» What you will do: In the records below, find the line that contains "В публикации сообщается, что" and the line that contains "Buddha Stones Camisa", then retype exactly those two lines and every line between them.

» Records for the task:
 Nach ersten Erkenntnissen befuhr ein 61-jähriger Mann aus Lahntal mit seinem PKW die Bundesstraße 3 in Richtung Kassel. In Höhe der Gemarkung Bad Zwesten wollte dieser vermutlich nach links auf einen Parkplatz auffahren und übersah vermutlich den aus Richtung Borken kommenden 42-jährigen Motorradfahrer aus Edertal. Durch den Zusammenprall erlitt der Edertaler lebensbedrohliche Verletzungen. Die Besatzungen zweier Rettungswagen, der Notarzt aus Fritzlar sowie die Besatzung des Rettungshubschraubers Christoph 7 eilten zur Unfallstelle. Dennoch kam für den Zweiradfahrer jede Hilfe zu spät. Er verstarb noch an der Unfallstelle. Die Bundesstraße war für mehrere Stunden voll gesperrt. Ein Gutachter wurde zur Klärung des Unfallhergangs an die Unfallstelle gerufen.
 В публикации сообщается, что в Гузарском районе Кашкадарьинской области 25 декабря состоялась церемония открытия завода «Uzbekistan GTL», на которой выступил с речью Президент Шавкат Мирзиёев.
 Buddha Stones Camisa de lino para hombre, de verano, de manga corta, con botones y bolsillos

==

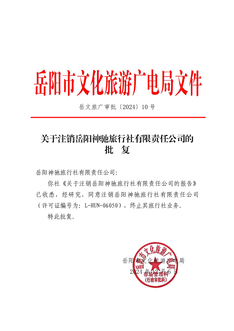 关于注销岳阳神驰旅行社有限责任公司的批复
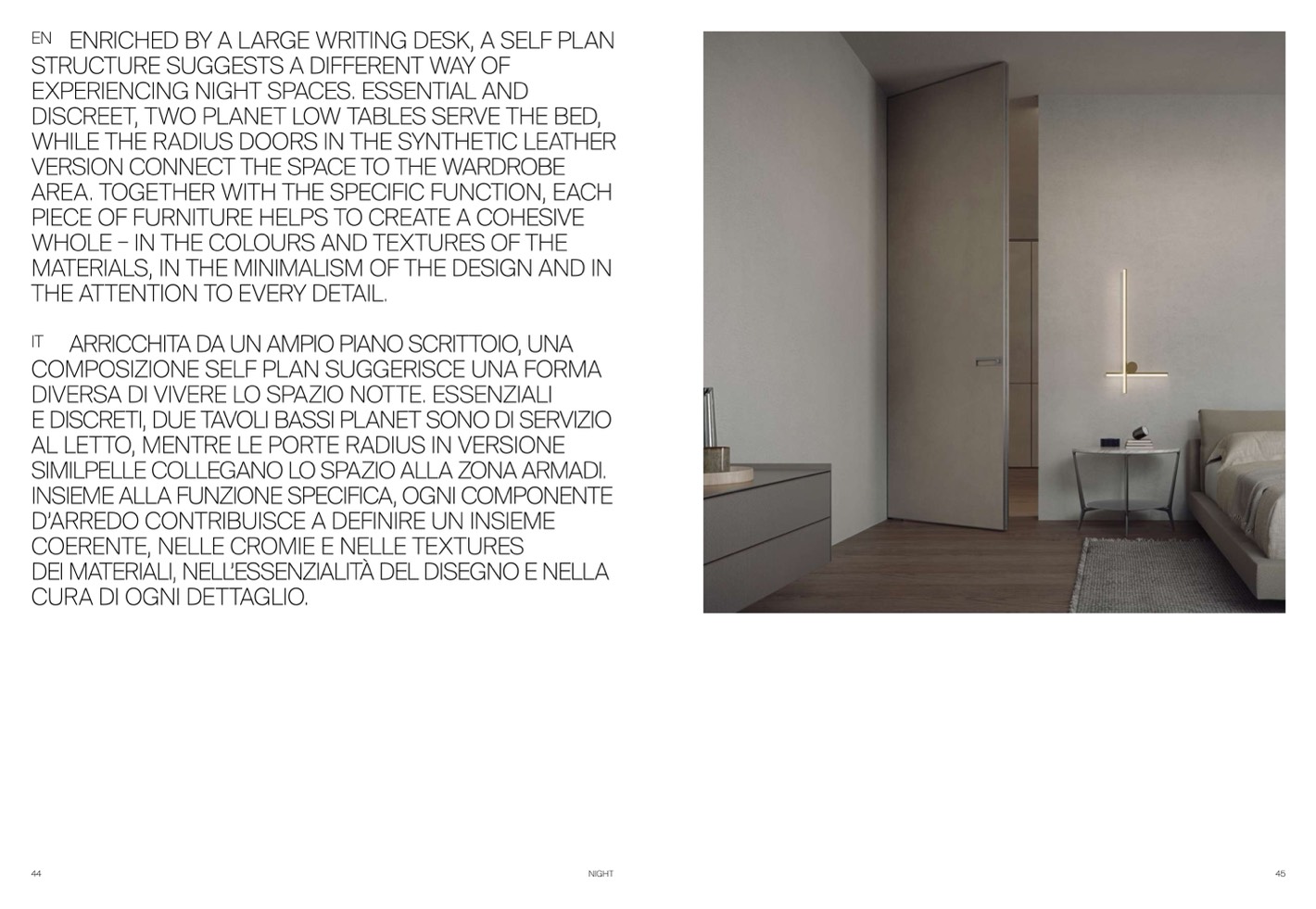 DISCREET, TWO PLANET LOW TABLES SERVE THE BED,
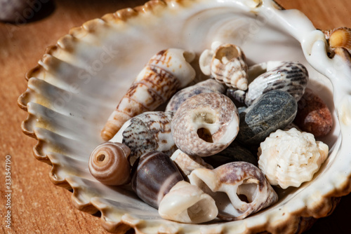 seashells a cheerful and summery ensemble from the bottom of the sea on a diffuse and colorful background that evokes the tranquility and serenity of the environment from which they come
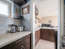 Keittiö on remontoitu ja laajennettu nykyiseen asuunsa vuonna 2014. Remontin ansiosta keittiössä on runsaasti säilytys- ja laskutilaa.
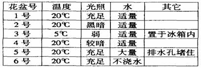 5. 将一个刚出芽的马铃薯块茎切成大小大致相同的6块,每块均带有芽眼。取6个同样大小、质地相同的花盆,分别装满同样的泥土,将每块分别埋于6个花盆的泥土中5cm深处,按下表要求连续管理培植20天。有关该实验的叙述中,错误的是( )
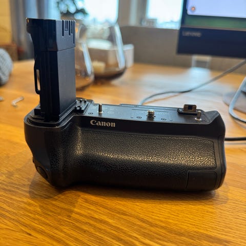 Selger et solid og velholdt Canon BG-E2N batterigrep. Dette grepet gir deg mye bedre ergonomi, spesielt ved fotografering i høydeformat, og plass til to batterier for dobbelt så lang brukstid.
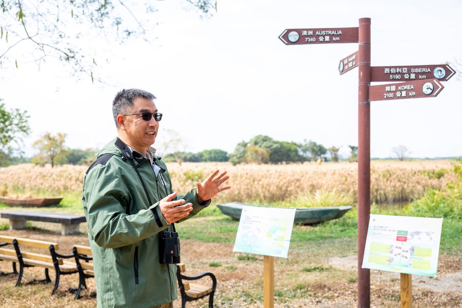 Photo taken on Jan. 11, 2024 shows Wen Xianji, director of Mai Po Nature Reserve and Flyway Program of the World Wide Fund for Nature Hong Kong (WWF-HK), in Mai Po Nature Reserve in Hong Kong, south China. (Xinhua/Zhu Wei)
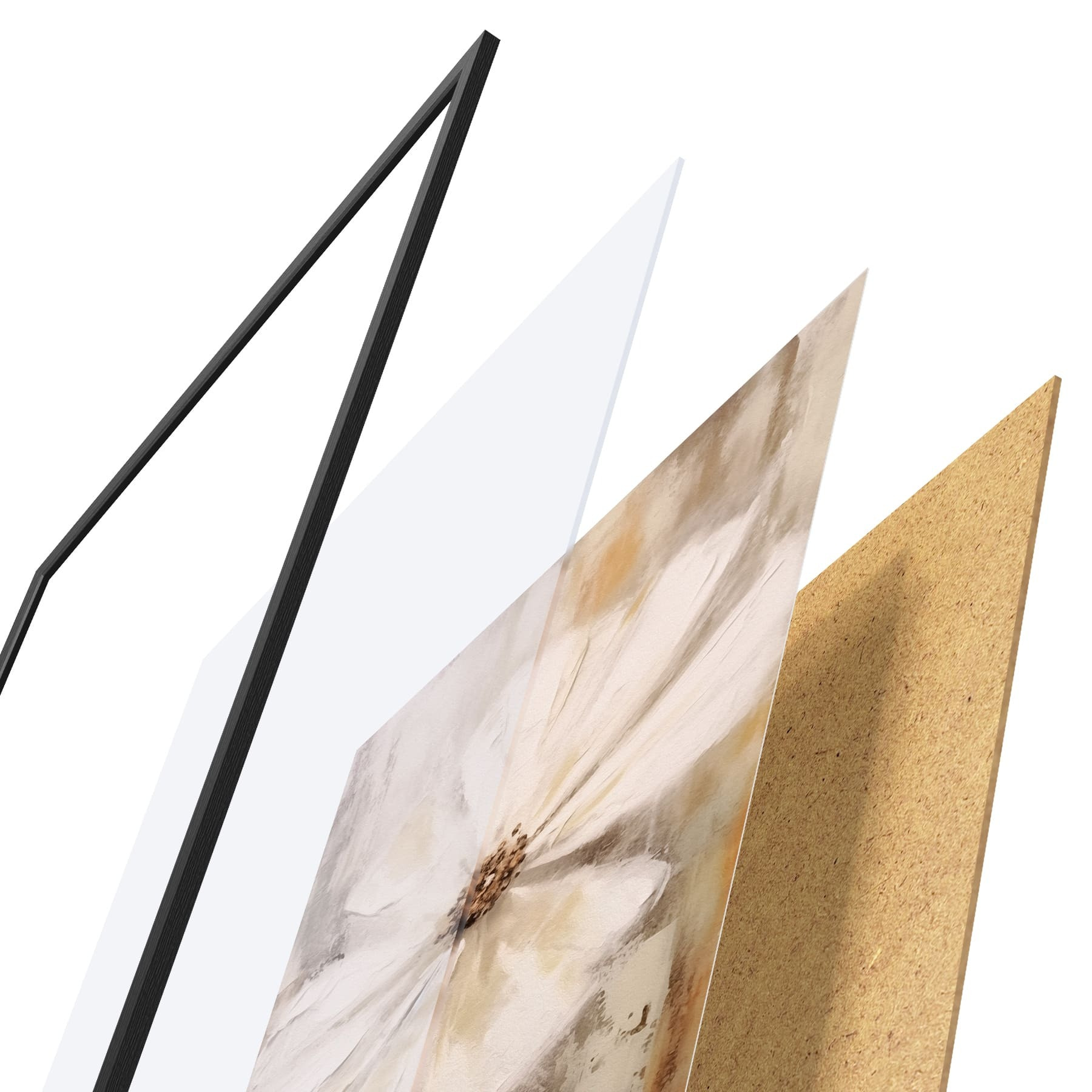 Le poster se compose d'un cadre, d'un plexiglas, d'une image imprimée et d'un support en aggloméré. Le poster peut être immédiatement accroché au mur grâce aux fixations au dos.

» Response to the task:
 В публикации сообщается, что в Гузарском районе Кашкадарьинской области 25 декабря состоялась церемония открытия завода «Uzbekistan GTL», на которой выступил с речью Президент Шавкат Мирзиёев.
 Buddha Stones Camisa de lino para hombre, de verano, de manga corta, con botones y bolsillos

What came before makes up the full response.